Wednesday, 4 May 2011

Video Modes

I have been thinking about video modes.

I want to be able to offer both 4:3 modes and 16:9 mode (since most TVs are widescreen now). So I did up a little spreadsheet that computes the Video RAM and pixel clock requirements given that I want the following features:

  • Double buffering (2 frame buffers in VRAM with page flipping).
  • Clear entire screen at 60 fps.
  • 8 bits per pixel (3 bits Red, 3 bits Green and 2 bits Blue)

Having 8 bits per pixel arranged in this way yields a palette like this:


This should look pretty tasty indeed.  Here is the spreadsheet:

width height bytes/ page rounded page bytes total SRAM Chip total waste A pins/ page total pins Pixel Clock Mode

104 78 8,112 8,192 16,384 (16K x 8) 160 13 23 486,720 104 x 78
4:3 resolutions
144 108 15,552 16,384 32,768 (32K x 8) 1,664 14 24 933,120 144 x 108

208 156 32,448 32,768 65,536 (64K x 8) 640 15 25 1,946,880 208 x 156

288 216 62,208 65,536 131,072 (128K x 8) 6,656 16 26 3,732,480 288 x 216

320 240 76,800 131,072 262,144 (256K x 8) 108,544 17 27 4,608,000 320 x 240

360 270 97,200 131,072 262,144 (256K x 8) 67,744 17 27 5,832,000 360 x 270 1080 mode
416 312 129,792 131,072 262,144 (256K x 8) 2,560 17 27 7,787,520 416 x 312

480 360 172,800 262,144 524,288 (512K x 8) 178,688 18 28 10,368,000 480 x 360 720 mode
512 384 196,608 262,144 524,288 (512K x 8) 131,072 18 28 11,796,480 512 x 384 768 mode
584 438 255,792 262,144 524,288 (512K x 8) 12,704 18 28 15,347,520 584 x 438

720 540 388,800 524,288 1,048,576 (1024K x 8) 270,976 19 29 23,328,000 720 x 540 1080 mode
160 90 14,400 16,384 32,768 (32K x 8) 3,968 14 24 864,000 160 x 90
16:9 resolutions
224 126 28,224 32,768 65,536 (64K x 8) 9,088 15 25 1,693,440 224 x 126

320 180 57,600 65,536 131,072 (128K x 8) 15,872 16 26 3,456,000 320 x 180

480 270 129,600 131,072 262,144 (256K x 8) 2,944 17 27 7,776,000 480 x 270 1080 mode
640 360 230,400 262,144 524,288 (512K x 8) 63,488 18 28 13,824,000 640 x 360 720 mode
960 540 518,400 524,288 1,048,576 (1024K x 8) 11,776 19 29 31,104,000 960 x 540 1080 mode

I have computed the number of GPIO pins required to address one page of the framebuffer.  For example, a video mode of 480x270 (Widescreen) consumes 230,400 bytes per page. Rounding up to the nearest power of 2 and multiplying by 2 (for 2 pages) requires a 512 KByte VRAM.  In order to clear the screen at 60 fps, I need to be able to write 7,776,00 bytes per second.  Now that is a lot of bandwidth for a 20Mhz 8-bit AVR.
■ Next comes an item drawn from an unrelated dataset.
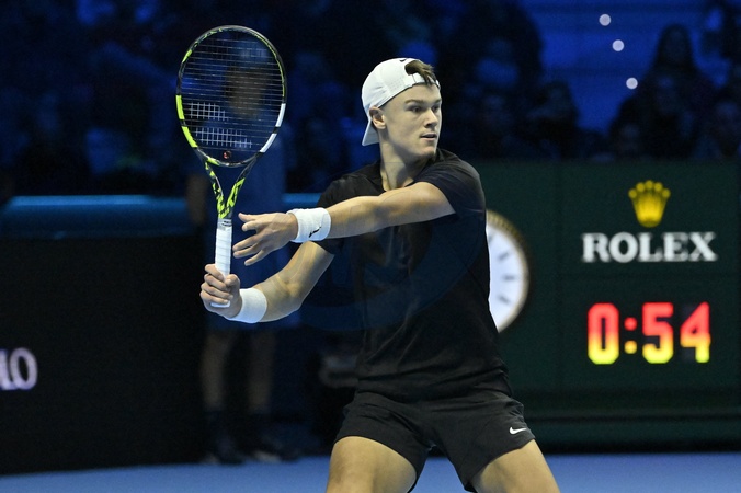 Holger Rune - Victoire de J.Sinner face à H.Rune (6-2, 5-7, 6-4) lors du Masters de Turin, le 16 novembre 2023. © Chryslene Caillaud / Panoramic / Bestimage Victory for J.Sinner against H.Rune (6-2, 5-7, 6-4) during the Turin Masters, November 16, 2023.

Can it be done?  Well, at that resolution I would need 17 address pins per page + 8 pins for the data + 1 pin for SRAM Write/Enable + 1 pin for the page select.  So I'd need 27 GPIO pins in total.  That rules out the ATMega328 (Arduino).  An ATMega164A might to the trick (digikey.com.au) as it has 32 GPIO pins.  So I have enough pins but can I write to the memory fast enough to clear the screen?
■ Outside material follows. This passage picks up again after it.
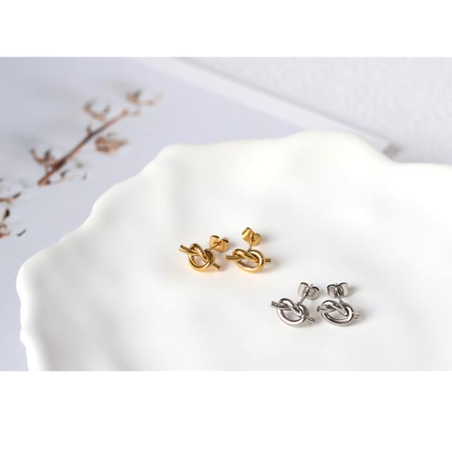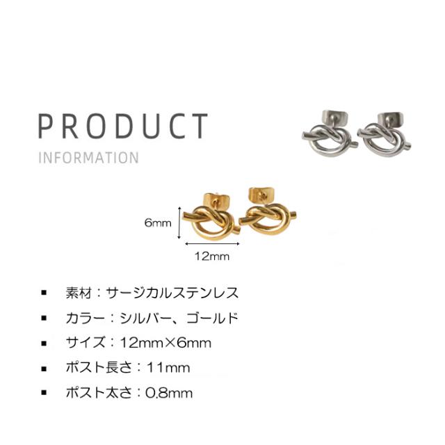 ピアス 結び ノット ひねり シルバー ゴールド サージカルステンレス ステンレス 18金コーティング 18K デザイン 低アレルギー お守り シンプル おしゃれ

In order to test this I dug out my trust Arduino and ran some tests.  Here is some sample code:

void loop() {
  time = millis();
  addr = 0;
  do {
    PORTC = (byte)(addr);
    PORTC = (byte)(addr>>8);
    PORTC = (byte)(addr>>16);
    addr++;
  } 
  while (addr < 7776000);
  time = millis() - time;
  Serial.print("Time: ");
  Serial.println(time);
}

This is supposed to simulate walking through a 18bit address space (17bits per page + page select).  The idea is that this is basically what is required to clear a 480x270 area of an SRAM chip 60 times.  This runs in 11.2 seconds.  Now the chip is running at 16Mhz in this case, so on a 20Mhz setup the time would be more like 8.9 seconds but I'll stick to 16Mhz for now.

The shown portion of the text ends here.